▸ **TASK TO COMPLETE**: What is needed is a verbatim copy of the data, minus the pictures.

▸ **DATASET SECTION**:
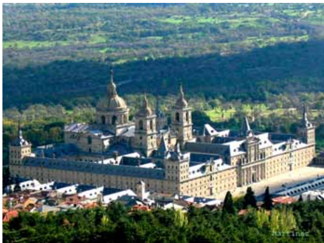
Monasterio del Escorial - Madrid

entre els monarques i l'almirall, signades a Barcelona entre l'1 de juliol i el 5 de setembre de l'any 1493. O bé per d'altres documents de Cancelleria Reial o de cèdules relatives als preparatius del segon viatge des de les costes de la ciutat comtal. 6
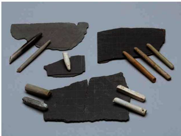
石盤と石筆 下の石盤の長さ12.0cm

http://www.kyoto-arc.or.jp (公財)京都市埋蔵文化財研究所・京都市考古資料館

▸ **SOLUTION FOR THIS EXERCISE**:
Monasterio del Escorial - Madrid

entre els monarques i l'almirall, signades a Barcelona entre l'1 de juliol i el 5 de setembre de l'any 1493. O bé per d'altres documents de Cancelleria Reial o de cèdules relatives als preparatius del segon viatge des de les costes de la ciutat comtal. 6
石盤と石筆 下の石盤の長さ12.0cm

http://www.kyoto-arc.or.jp (公財)京都市埋蔵文化財研究所・京都市考古資料館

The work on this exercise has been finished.